> _What you are asked to do_: Please copy the data exactly as it stands, minus the images.

> _Recorded information_:
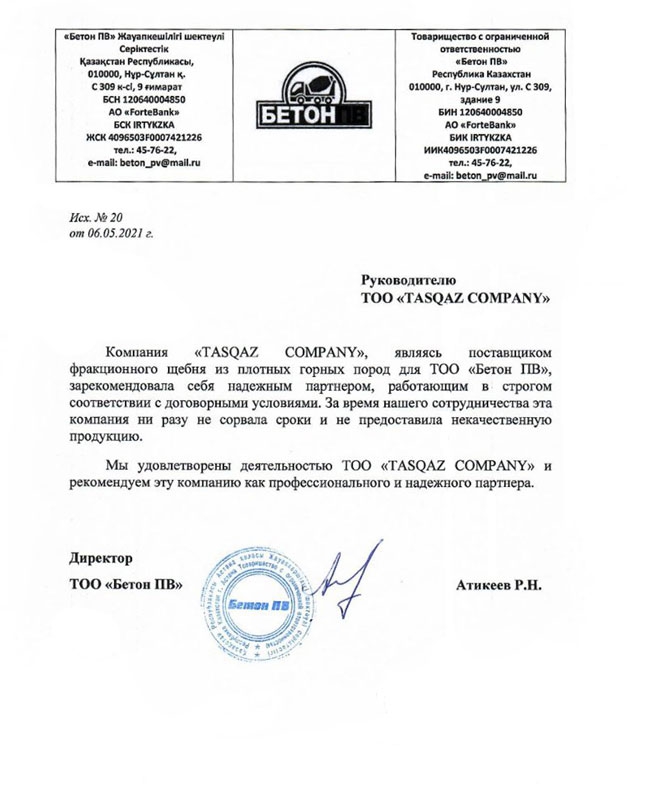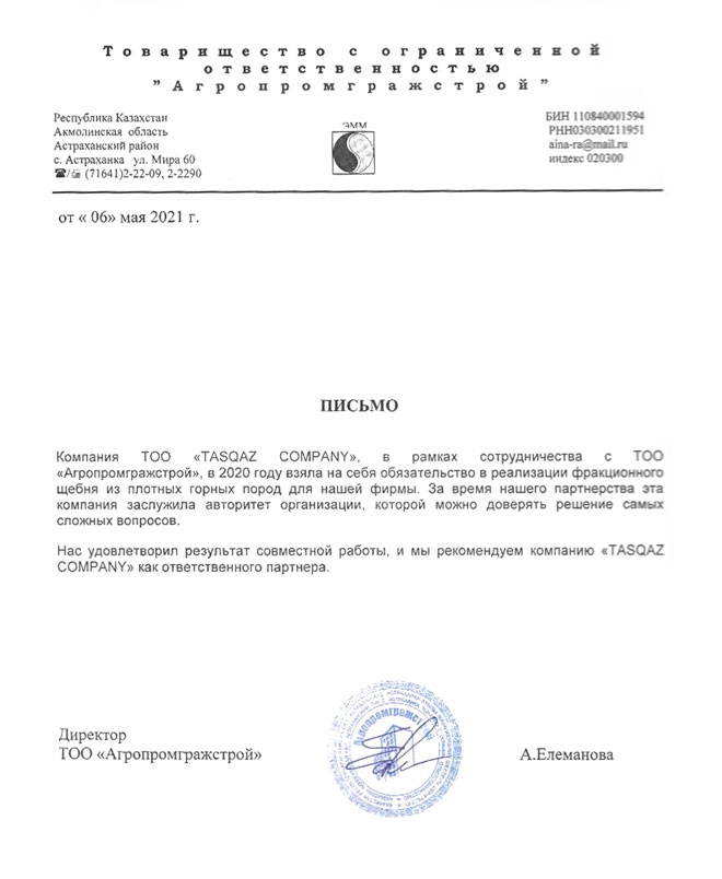 Заманауи карьер, ауқымды ассортимент, кез келген уақытта кез келген көлемде жеткізу. Сертификаттар мен құжаттардың толық жиынтығы.
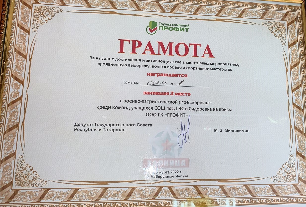 Опубликовано: 05.03.2022Команда МАОУ “СОШ №1” заняла 2 место в военно-патриотической игре “Зарница” среди команд учащихся СОШ пос. ГЭС и Сидоровка , за что была награждена Грамотой за высокие достижения и активное участие в спортивных мероприятиях, а также проявленную выдержку
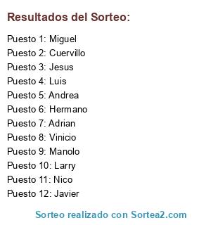 Lista de participantes: Nico, Larry, Javier, Cuervillo, Vinicio, Hermano, Manolo, Luis, Andrea, Miguel, Adrian, Jesus.

> _Exercise result_:
 Заманауи карьер, ауқымды ассортимент, кез келген уақытта кез келген көлемде жеткізу. Сертификаттар мен құжаттардың толық жиынтығы.
 Опубликовано: 05.03.2022Команда МАОУ “СОШ №1” заняла 2 место в военно-патриотической игре “Зарница” среди команд учащихся СОШ пос. ГЭС и Сидоровка , за что была награждена Грамотой за высокие достижения и активное участие в спортивных мероприятиях, а также проявленную выдержку
 Lista de participantes: Nico, Larry, Javier, Cuervillo, Vinicio, Hermano, Manolo, Luis, Andrea, Miguel, Adrian, Jesus.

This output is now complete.